Anyone Try To Crawl Superpages.com?

Forum Moderators: anallawalla & bakedjake

Message Too Old, No Replies

Anyone Try To Crawl Superpages.com?

tennis fan28

4:31 am on Sep 21, 2007 (gmt 0)

I am looking to start building a local search site for my state and I would want to fill in the business information from a large trusted source like Superpages.com or Yellowpages.com. I have searched around and have seen threads where people say that they have done it with posting very little information on the how. There are any number of open-source spiders out there or programs like eGrabber and Content Grabber. I was wondering if anyone has any experience in doing this that they would like to share? I don't really have a timeline of when I would like to have this finished, it's more of a hobby which is why I don't want to shell out the big bucks from a large data provider.

Thanks!

vincevincevince

4:34 am on Sep 21, 2007 (gmt 0)

It's fairly straightforward to crawl most of that kind of site, so long as the admin isn't doing something to stop you (page rate limits, bot detection, etc.)
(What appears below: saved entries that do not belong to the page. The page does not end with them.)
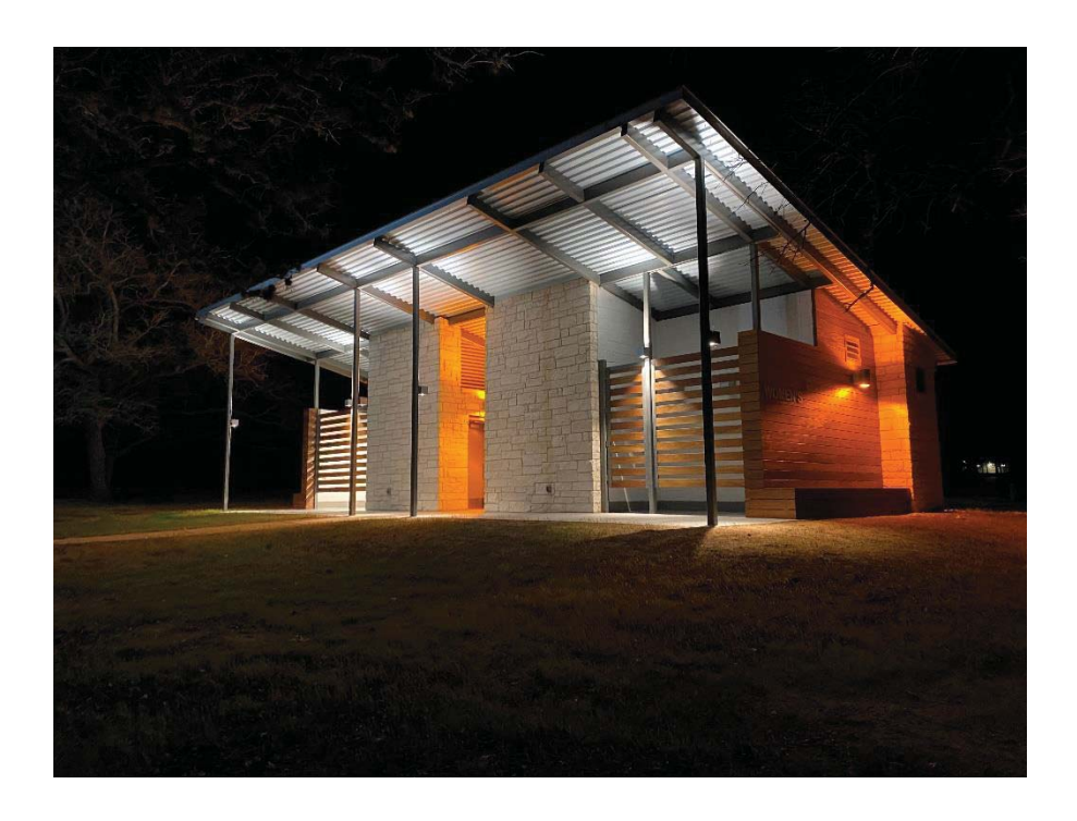
LCRA – North Shore Park Lake Bastrop Restroom Building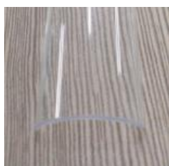
Clear PC Cover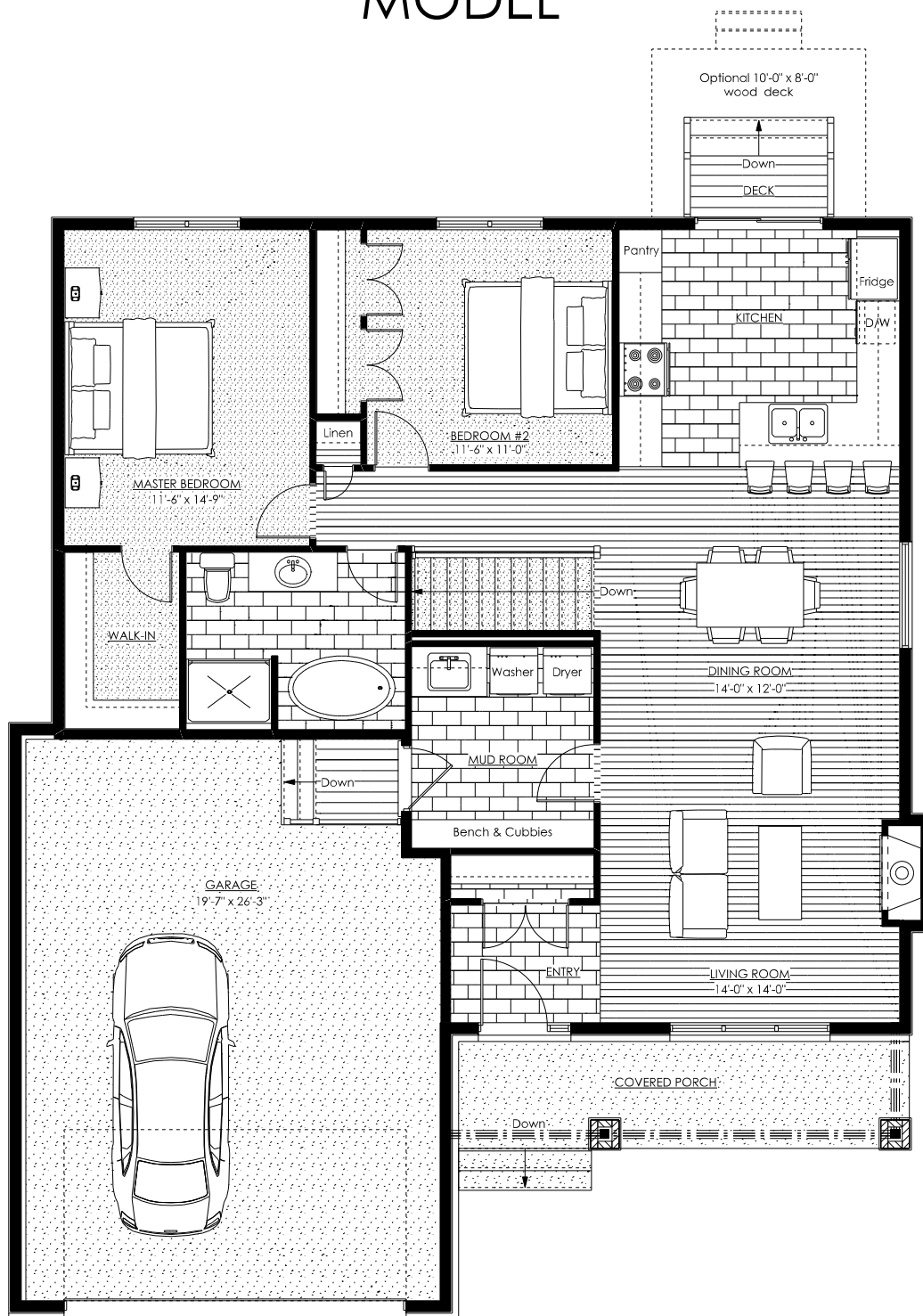
MAIN FLOOR PLAN RENDER 1282 SQ.FT.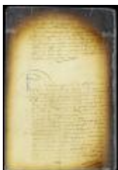
Motion of the fiscal that Cornelis Willemsen be examined (NYSA_A1809-78_V05_0338a)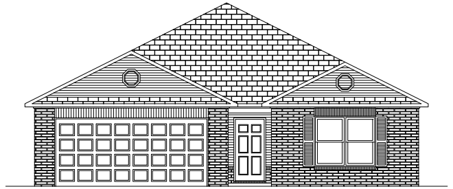
Foster Elev. D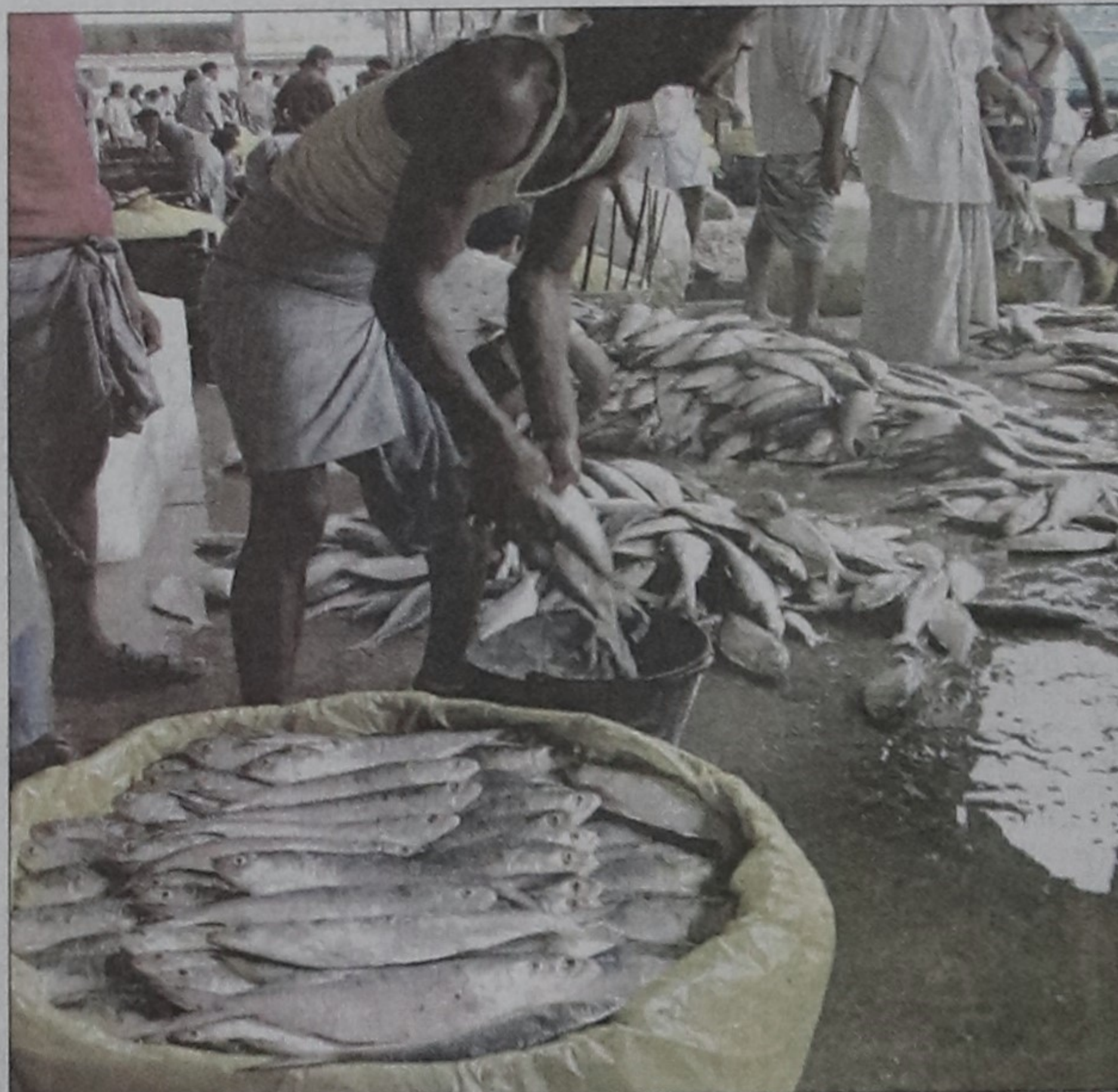
Hilsa captured near the St Martin's island yesterday are being packed at Teknaf in Cox's Bazar for shipment to Dhaka.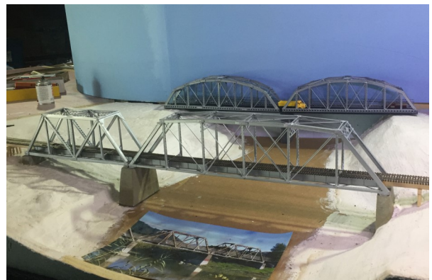
Bridges over the Russian River—Healdsburg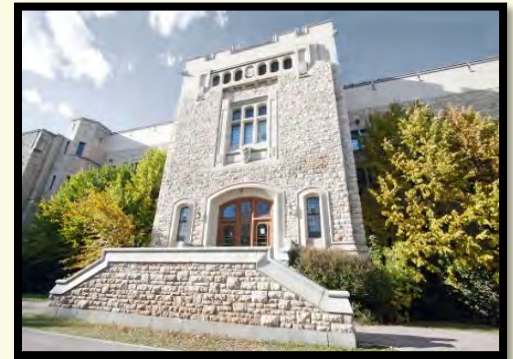
2012 Nightingale Medicine Chest moved to A Wing College of Nursing Admin Offices while Library was renovated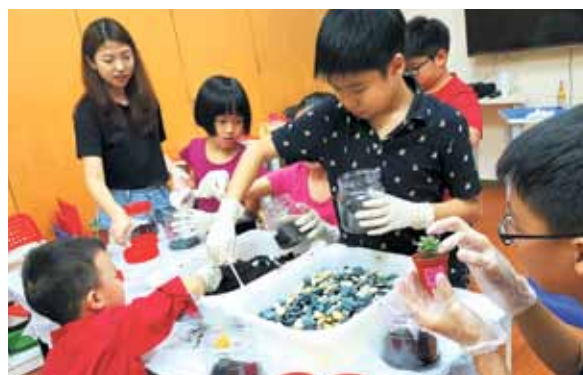
Learning from the Bible is fun

In tandem with the Easter Day message, the teachers also prepared a unique craft—creating a resurrection garden. Inspired by the idea of building a terrarium, the craft was a big hit with the children as they were immersed in adding the soil, plants and decorating their terrarium with stones. More importantly, the message that the teachers wanted to convey through this craftwork was: When a plant dies, it becomes nutrients and gives new life to other plants. This is akin to Jesus who died on the cross to give new life to us.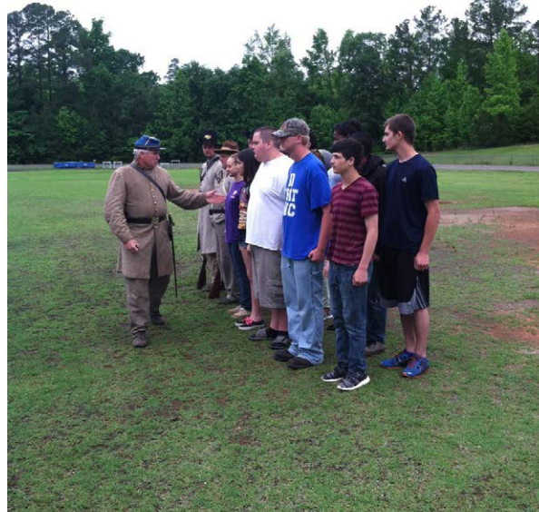
JROTC students participating in drill.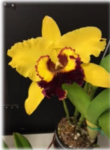
Rlc. Willette Wong 'The Best'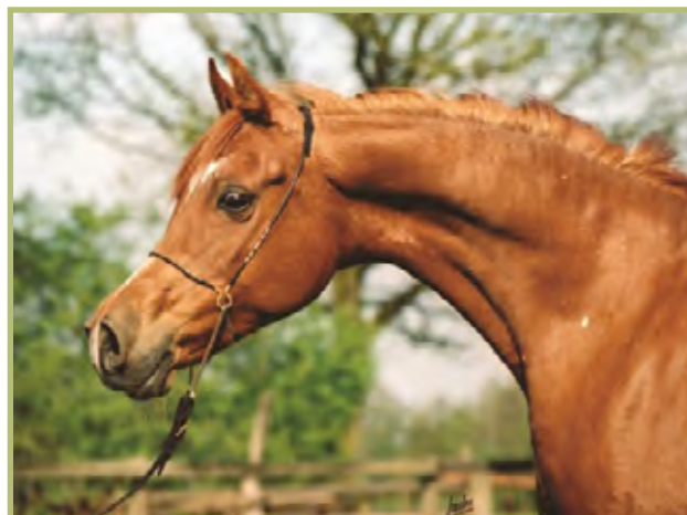
El Thay Mansoura (Machmut x Morawa) a granddaughter of Momtaza, she became an excellent producer for the El Thayeba legacy. Awarded Elite Mare title. She is dam of El Thay Mameluk.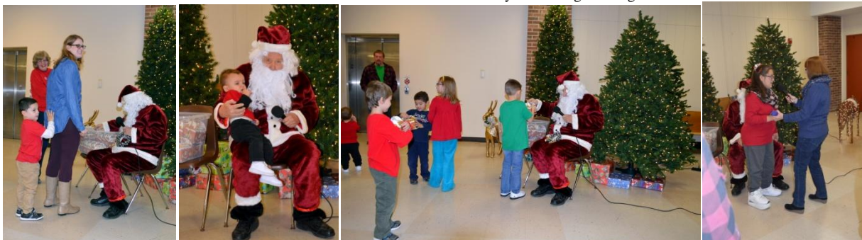
And of course, Santa was there!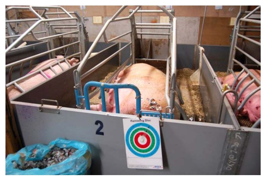
Shredded paper and straw being used for sows in farrowing crates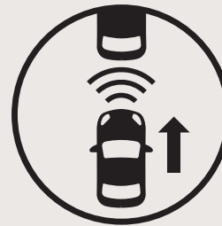
Forward Collision- Avoidance Assist with Pedestrian Detection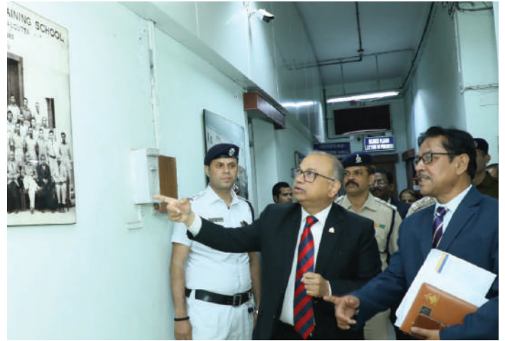
DG, BPR&D, visiting CDTI, Kolkata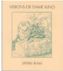
Visions of dame kind (Jargon 113) (84318497)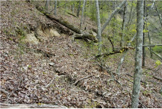
Figure 11. Slippage marginal to main slide.

Displacements and cracked ground were noted adjacent to the main area of failure (Figures 11-13). These slide margin displacements tended to be shallow slips of just a few feet. Often their expression is presented via a low crown scarp dying out with distance from the main slide area. The toes of these marginal displacements are somewhat indeterminate due to the natural roughness of the slope and a thick forest-litter cover. These marginal slides extended up to a few tens of feet, reaching over a hundred feet in at least two cases, from the main slide track.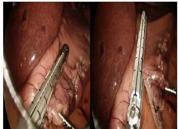
Figures 2: Stapling and gastric resection.

Using the harmonic scalpel, a window was made in the omental bursa approximately 4cm proximal to the pylorus. The antrum was mobilized by dissection and sealing of the gastroepiploic vessels on the greater curvature. The dissection was stopped about 2cm proximal to the pylorus (Figure 1). After mobilization of the antrum, the stomach was retracted inferiorly and toward the patient's right side for better exposure of the cardia, spleen and left crus. Proceeding superiorly,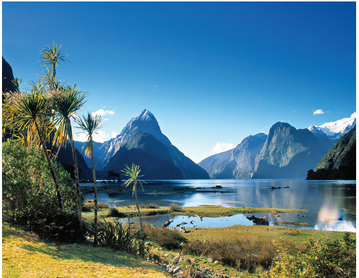
On Day 17, we see for ourselves why serene Milford Sound ranks as New Zealand’s most popular destination.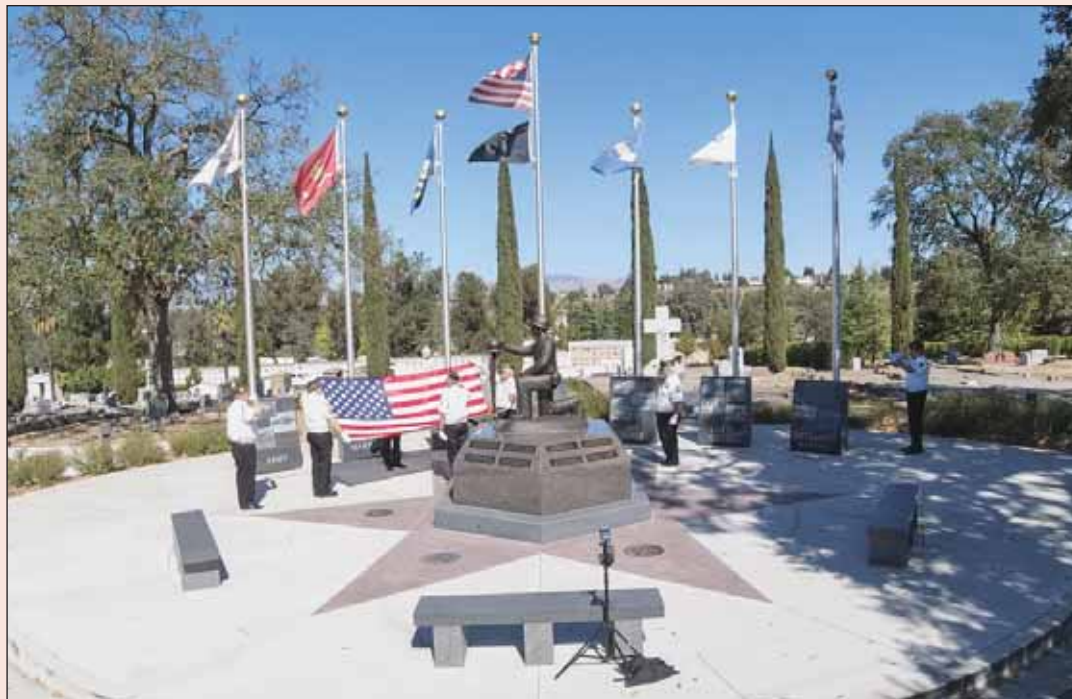
Screenshot of drone video footage from the flag-folding ceremony recorded as part of TV30's "Spotlight on Veterans" program.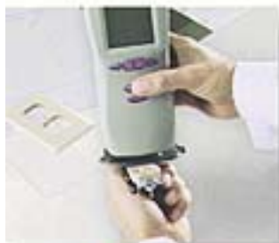
Removable targeting foot enables easy measurement of curved and flat samples.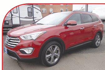
2014 HYUNDAI SANTA FE GLS

Stock # 11059 RWD, VERY NICE! $ Call 4 Price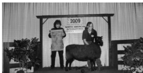
Reserve Champion NC Ewe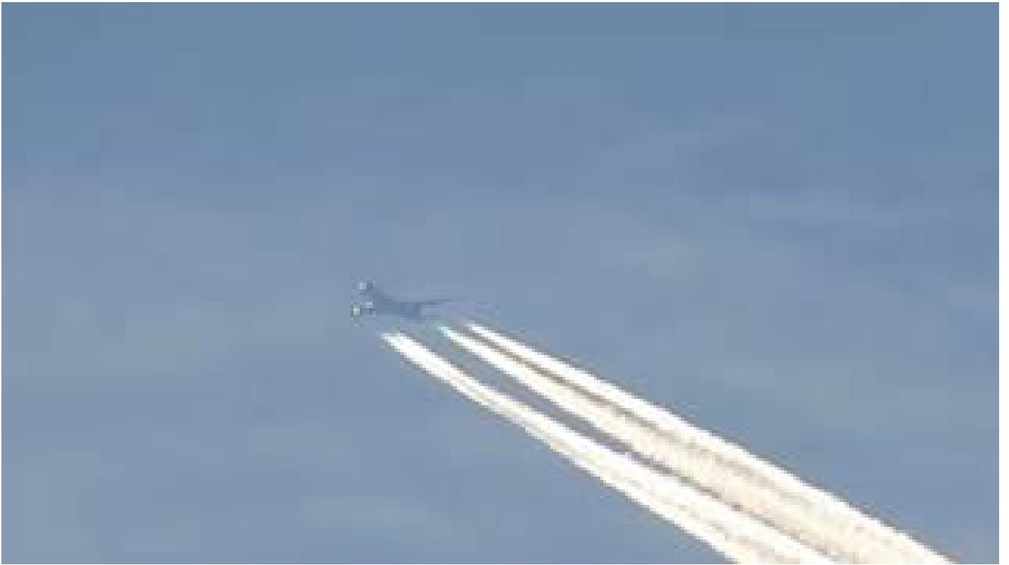
Cape Breton Chemtrails (1b) - Geonengineering/SRM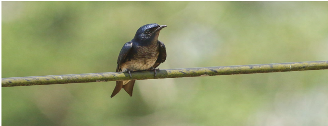
Southern Martin Progne elegans – a migrant from the south

On the other hand, as a collection of data, superpages or yellowpages does have a copyright claim to it and you aren't free to just create a derivative work.

inbound

12:33 pm on Sep 21, 2007 (gmt 0)

You don't have to shell out big bucks for data from just one state. $1000 will get you data that's in a nice format to work with. With data at that price it's going to be cheaper to buy than 'harvest' and you'll stay on the right side of the law.

tennis fan28

6:51 pm on Sep 21, 2007 (gmt 0)

Thanks inbound, I know of the site you speak of and I'll be honest, I thought about buying that information. When they launched their product, they were careful to say that they didn't harvest from Yahoo Local but instead went to sites where spidering didn't violate their TOS. I am looking at this whole site as a project which includes spidering sites (I've never done that before, would like to try something new) and see what I can learn.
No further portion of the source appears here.